■ **Problem requirements**: With pictures excluded, copy word for word the lines in the data below from the line containing "- Exfoliate 24" through the line containing "Yellow Gold Unique".

■ **Exercise materials**:
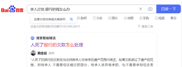 笔者在百度上搜索了“亲人去世,银行里的钱怎么办?”这一问题,发现能搜索到约一亿个相关结果,足见人们对这个问题的关心程度。
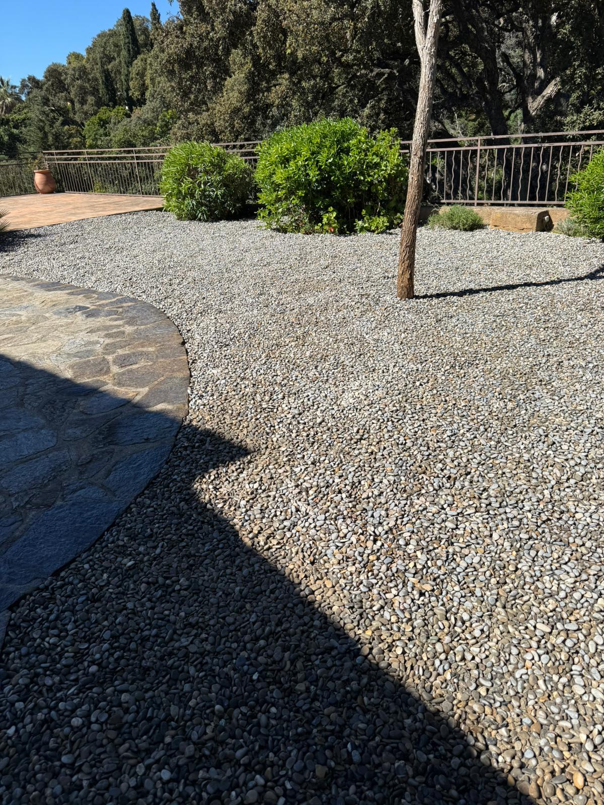Chez Bianchi Paysages, nous sommes fiers de vous présenter notre dernière réalisation d'aménagement extérieur à Bormes les Mimosas. Notre équipe de paysagistes expérimentés a transformé une cour grâce à l'utilisation de paillage en galets de la Durance, apportant à cet espace une esthétique naturelle et élégante.
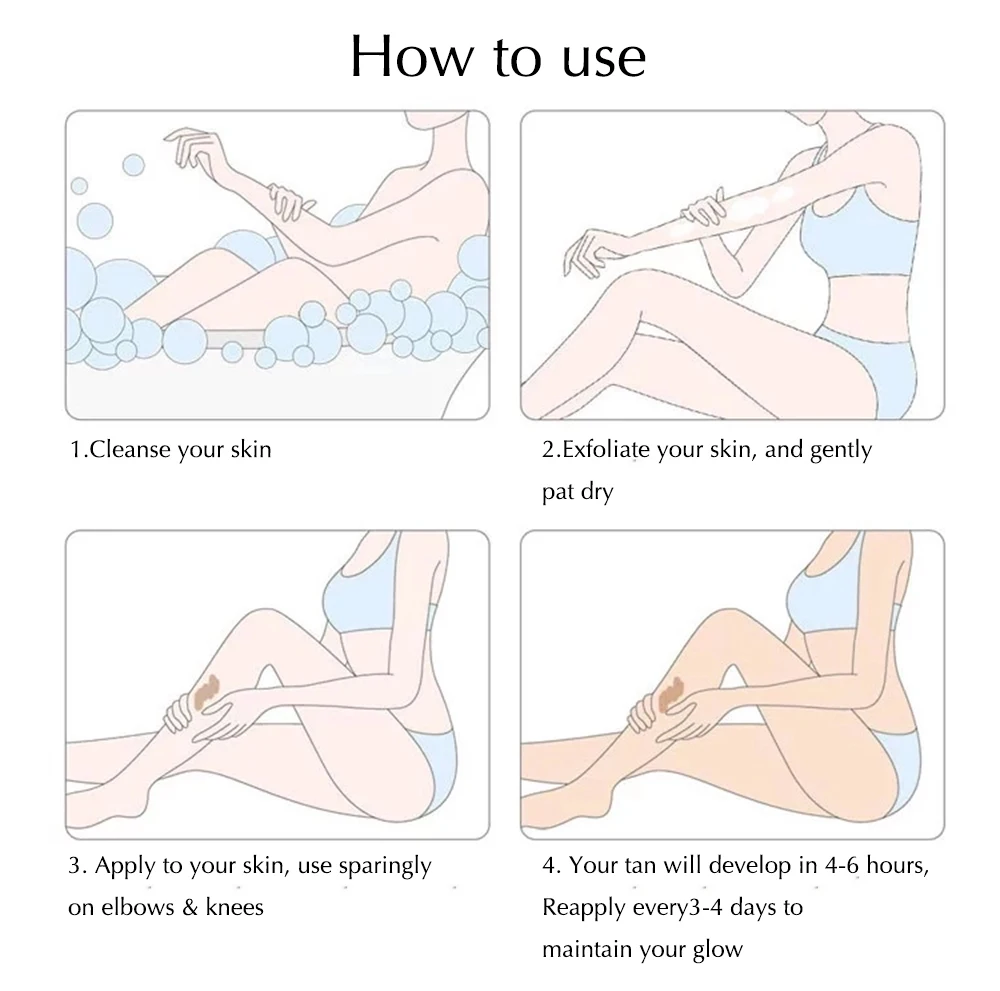 - Exfoliate 24 hrs before tanning. Moisturise dry areas such as hands, feet, knees, ankles and elbows prior to application.
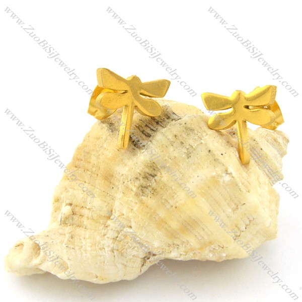 Yellow Gold Unique Cutting Dragonfly Earring in Stainless Steel -e000600
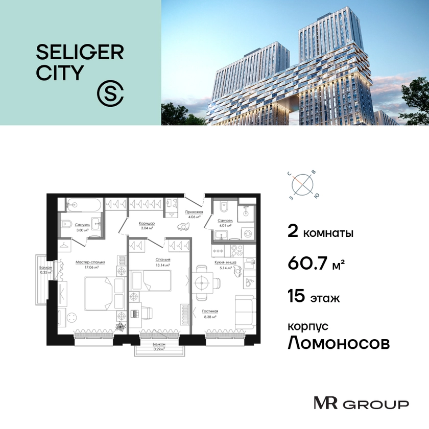 Прямая продажа от застройщика. Продаётся 2-к квартира общей площадью 60.72 кв. м без отделки в ЖК «Селигер Сити» на 15-м этаже корпуса Ломоносов. Корпуса четвертой очереди ЖК "Селигер сити" названы в честь трех великих представителей науки и архитектуры, новаторское видение которых слишком смелое для своего времени нашло воплощение в уникальных домах жилого комплекса. Клубный 15-этажный корпус Ломоносов расположен во дворе 4 очереди. Фасад корпуса выполнен из темного кирпича с контрастным первым этажом. Квартиры верхних этажей имеют панорамные окна и балконы с декоративным ограждением. Часть квартир на втором этаже имеют открытые террасы. На первом этаже дизайнерские интерьеры лобби выполненные по проекту бюро Вlank Architects. На жилых этажах не более 5 квартир. Преимущества проекта: • 2 минуты пешком от метро «Селигерская» • Архитектурное решение от голландского бюро MLA + • Одна из самых больших придомовых территорий в Москве • Огороженная охраняемая территория, круглосуточное видеонаблюдение • Европейский подход к благоустройству от бюро WOWHaus: появится парадный бульвар, аллея с фонтаном и арт-объектом, что дополнит уже сформированное благоустройство: детские площадки для разных возрастов, площадки для воркаута, дорожки для бега и пеших прогулок, места для отдыха • Искусственный пруд на территории комплекса с благоустроенной набережной и мостом • Продуманная концепция инфраструктуры: уютные кафе и рестораны, супермаркет, магазин фермерских продуктов, бытовые службы, салон красоты, детские сады • Ультрасовременные инженерные решения • Подземный паркинг с зарядными станциями для электромобилей, постами подкачки шин и келлерами • Лобби по индивидуальному дизайн проекту от европейского бюро Вlank Architects: лаунж-зоны, ресепшен, колясочная, помещение для мытья лап животным после прогулки • Надежный девелопер с опытом премиальных проектов MR Group Расположение комплекса: • 2 минуты от станции метро «Селигерская» • 7 минут на машине до станции метро «Окружная» • Предусмотрен удобный выезд в сторону ТТК (всего 9 км или 15 минут без пробок) • МКАД в 10 минутах на машине Компания MR Group предлагает своим клиентам специальные условия приобретения квартир в рамках программ ипотечного кредитования от банков-партнеров.О застройщике
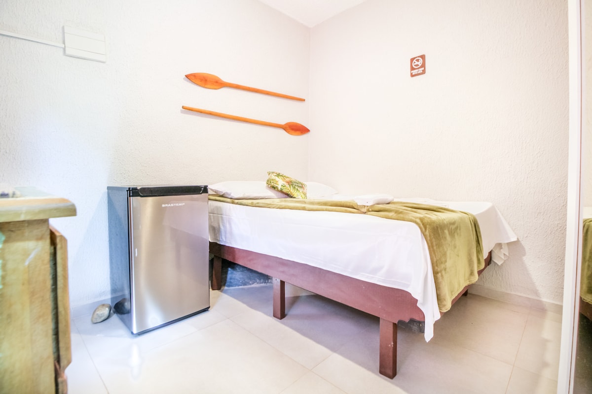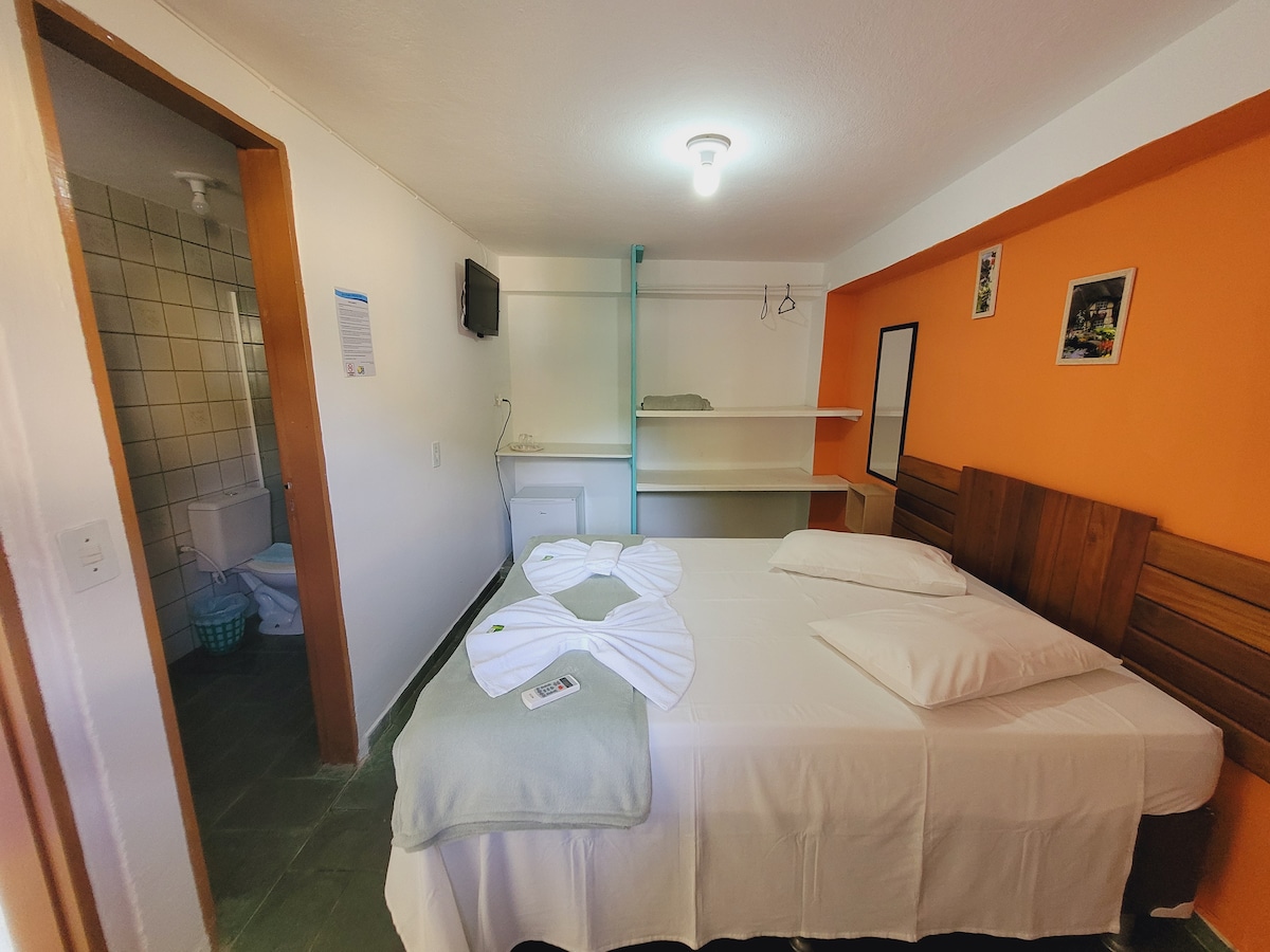 O Quarto Econômico, com 12 m², é compacto e acolhedor. Equipado com uma cama de casal, ar-condicionado, frigobar, Wi-Fi, ventilador de teto, enxoval completo e banheiro privativo com secador de cabelo. Acomoda até 2 pessoas.

■ **Your response**:
 - Exfoliate 24 hrs before tanning. Moisturise dry areas such as hands, feet, knees, ankles and elbows prior to application.
 Yellow Gold Unique Cutting Dragonfly Earring in Stainless Steel -e000600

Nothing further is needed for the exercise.